Es Cristo quien perdona en el sacramento de la Penitencia


Miércoles 9 de abril de 2025
Mujer, ¿ninguno te ha condenado? —Ninguno, Señor. —Tampoco yo te condeno. Anda y en adelante no peques más.
Habían llevado a Jesús una mujer sorprendida en adulterio. La pusieron en medio, dice el Evangelio.
La han humillado y abochornado hasta el extremo, sin la menor consideración.
Recuerdan al Señor que la Ley imponía para este pecado el severo castigo de la lapidación: ¿Tú qué dices?, le preguntan con mala fe, para tener de qué acusarle.
Pero Jesús los sorprende a todos. No dice nada: inclinándose, escribía con el dedo en tierra.
La mujer está aterrada en medio de todos. Y los escribas y fariseos insistían con sus preguntas.
Entonces, Jesús se incorporó y les dijo: El que de vosotros esté sin pecado que tire la primera piedra. E inclinándose de nuevo, seguía escribiendo en la tierra.
Se marcharon todos, uno tras otro, comenzando por los más viejos. No tenían la conciencia limpia, y lo que buscaban era tender una trampa al Señor.
Todos se fueron: y quedó solo Jesús y la mujer, de pie, en medio. Jesús se incorporó y le dijo: Mujer, ¿dónde están? ¿Ninguno te ha condenado?
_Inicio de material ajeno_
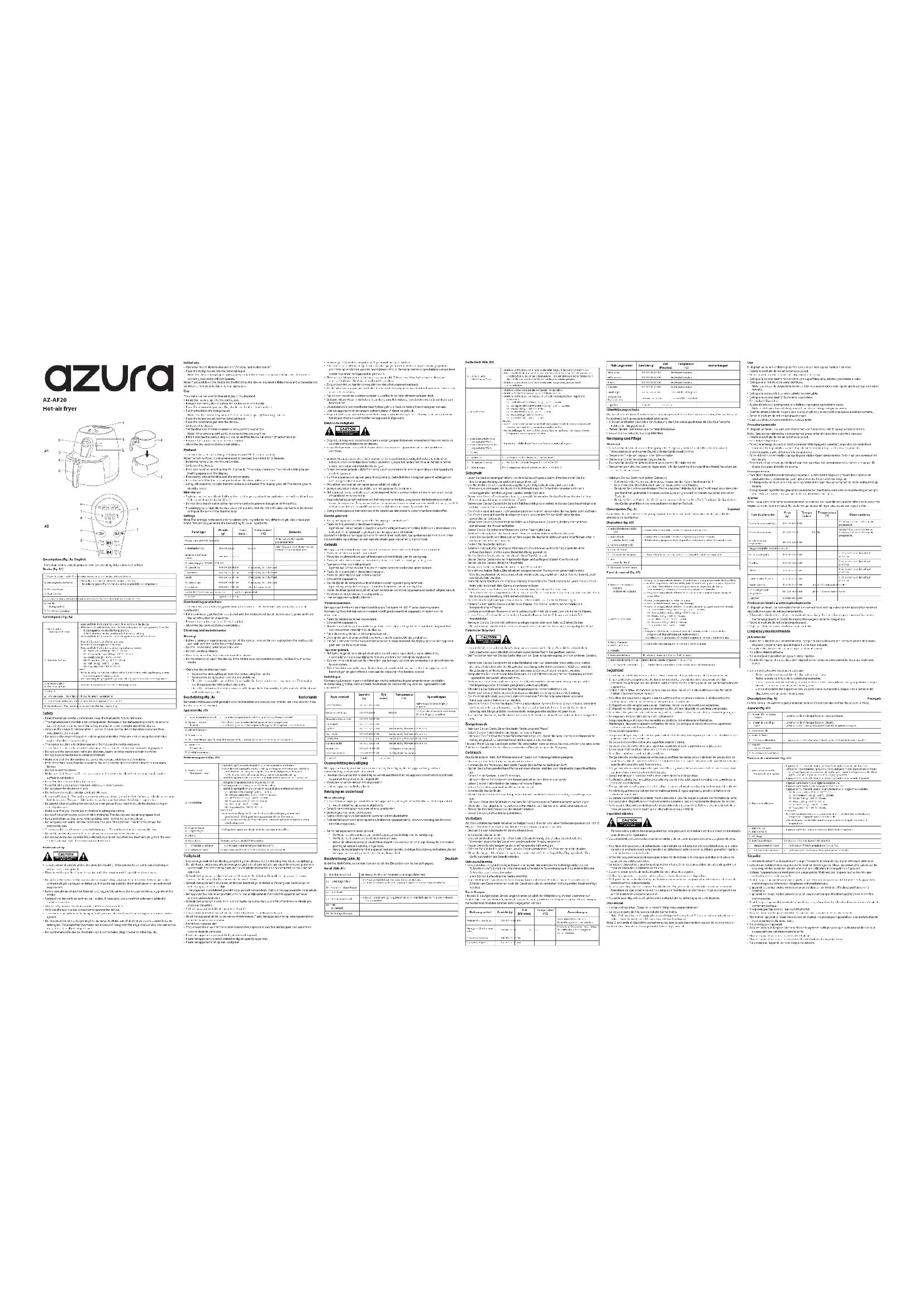 - Lisez attentivement le manuel avant usage. Conservez le manuel pour toute référence ultérieure.• Le fabricant décline toute responsabilité pour les dommages ou blessures consécutifs causés par le non-respect des consignes de sécurité et d’une utilisation inappropriée de l’appareil.• Utilisez l’appareil uniquement pour son usage prévu. N’utilisez pas l’appareil à d’autres ns que celles décrites dans le manuel.• N’utilisez pas l’appareil si une pièce quelconque est endommagée ou défectueuse. Si l’appareil est endommagé ou défectueux, remplacez-le immédiatement.• L’appareil est conçu exclusivement pour une utilisation en intérieur. N’utilisez pas l’appareil à l’extérieur.• L’appareil est conçu exclusivement pour un usage domestique. N’utilisez pas l’appareil à des ns commerciales.• N’utilisez pas l’appareil à proximité d’une baignoire, d’une douche, d’un lavabo ou d’autres récipients contenant de l’eau.• N’exposez pas l’appareil à l’eau ou à l’humidité.• Assurez-vous que l’appareil n’entre en contact avec aucune matière inammable.• Maintenez l’appareil à l’écart des sources de chaleur. Ne placez pas l’appareil sur une surface chaude ou à proximité de ammes nues.• Ne couvrez pas l’appareil.• Assurez-vous que l’appareil dispose d’un dégagement susant pour que la chaleur se dissipe tout en assurant une ventilation satisfaisante.• Placez l’appareil sur une surface stable et plane.• Placez l’appareil sur une surface résistante à la chaleur et aux projections.• Ne placez pas l’appareil sur une plaque de cuisson. AZ-AF20 Hot-air fryer POWERHEATING

Las palabras de Jesús están llenas de ternura y de indulgencia, manifestación del perdón y la misericordia infinita del Señor.
Y contestó enseguida: Ninguno, Señor. Y Jesús le dijo: Tampoco yo te condeno; vete y desde ahora no peques más.
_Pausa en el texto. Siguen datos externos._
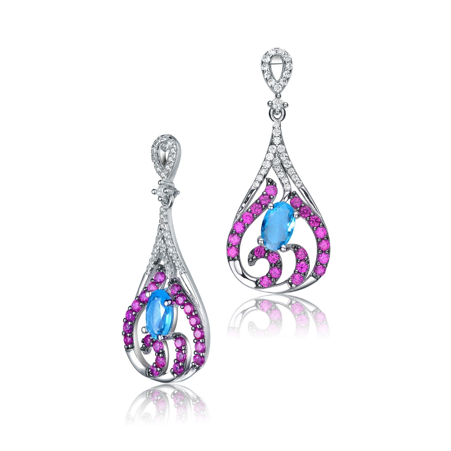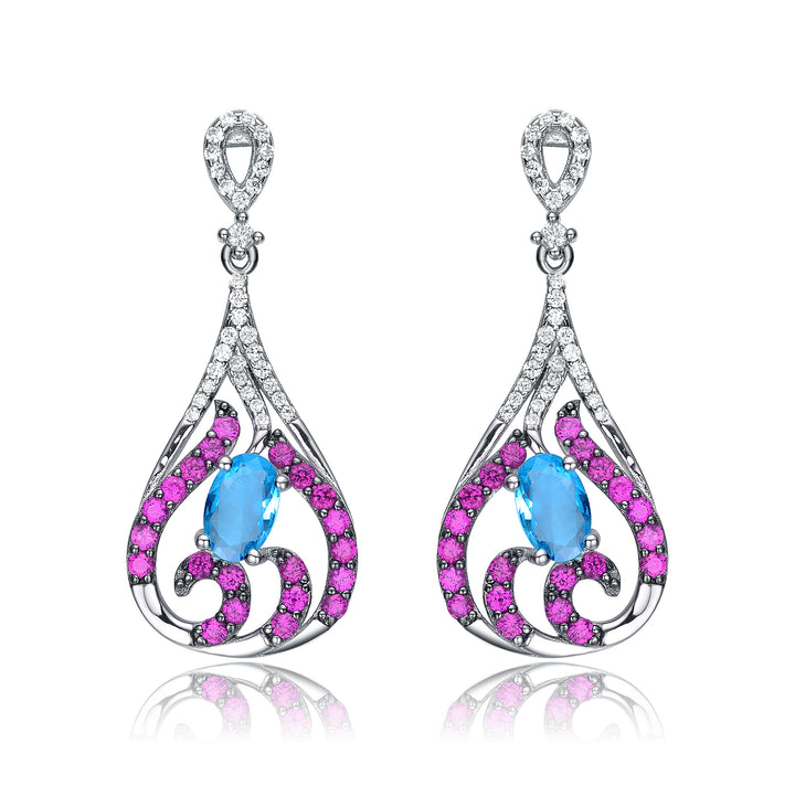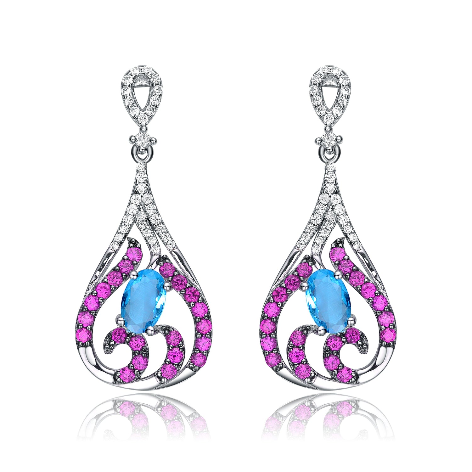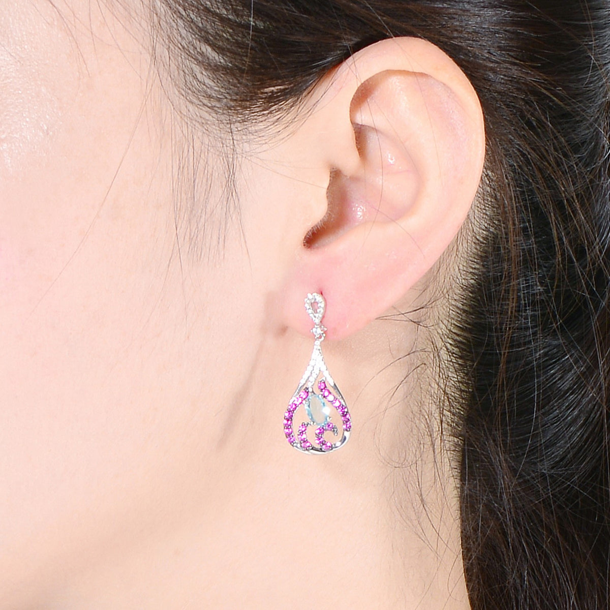 These dangle earrings are crafted from sterling silver with purple and blue cubic zirconia stones.

Podemos imaginar la enorme alegría de aquella mujer, sus deseos de comenzar de nuevo, su profundo amor a Cristo.
En el alma de esta mujer, manchada por el pecado y por su pública vergüenza, se ha realizado un cambio tan profundo, que solo podemos entreverlo a la luz de la fe.
Se cumplen las palabras del profeta Isaías: No recordéis lo de antaño, no penséis en lo antiguo, mirad que realizo algo nuevo… Abriré un camino por el desierto, ríos en el yermo…; para apagar la sed de mi pueblo escogido, el pueblo que yo formé, para que proclamara mi alabanza.
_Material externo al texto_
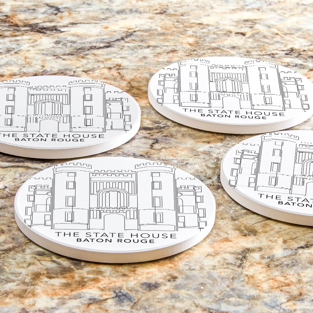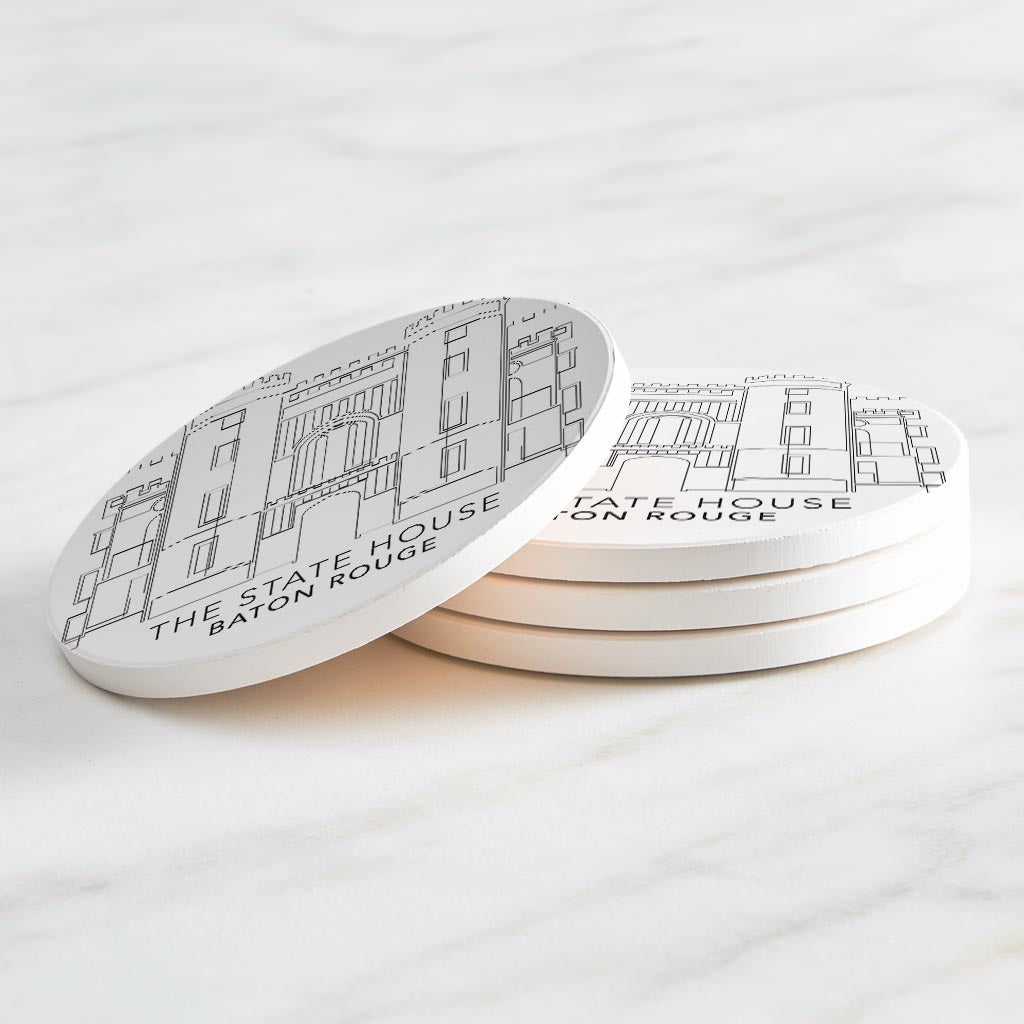 Minimalistic Baton Rouge State House| Absorbent Coasters | Set of 4 | Min 2

Cada día, en todos los rincones del mundo, Jesús, a través de sus ministros los sacerdotes, sigue diciendo: «Yo te absuelvo de tus pecados…», vete y no peques más.
Es el mismo Cristo quien perdona. «La fórmula sacramental “Yo te absuelvo…”, y la imposición de la mano y la señal de la cruz, trazada sobre el penitente, manifiestan que en aquel momento el pecador contrito y convertido entra en contacto con el poder y la misericordia de Dios.
Es el momento en el que, en respuesta al penitente, la Santísima Trinidad se hace presente para borrar su pecado y devolverle la inocencia, y la fuerza salvífica de la Pasión, Muerte y Resurrección de Jesús es comunicada al penitente (…). Dios es siempre el principal ofendido por el pecado –tibi soli peccavi–, y solo Dios puede perdonar».
Las palabras que pronuncia el sacerdote no son solo una oración de súplica para pedir a Dios que perdone nuestros pecados, ni una mera certificación de que Dios se ha dignado concedernos su perdón, sino que, en ese mismo instante, causan y comunican verdaderamente el perdón: «en aquel momento todo pecado es perdonado y borrado por la misericordiosa intervención del Salvador».
Pocas palabras han producido más alegría en el mundo que estas de la absolución: «Yo te absuelvo de tus pecados…».
San Agustín afirma que el prodigio que obran supera a la misma creación del mundo.
¿Con qué alegría las recibimos nosotros cuando nos acercamos al sacramento del Perdón? ¿Con qué agradecimiento? ¿Cuántas veces hemos dado gracias a Dios por tener tan a mano este sacramento?
En nuestra oración de hoy podemos mostrar nuestra gratitud al Señor por este don tan grande.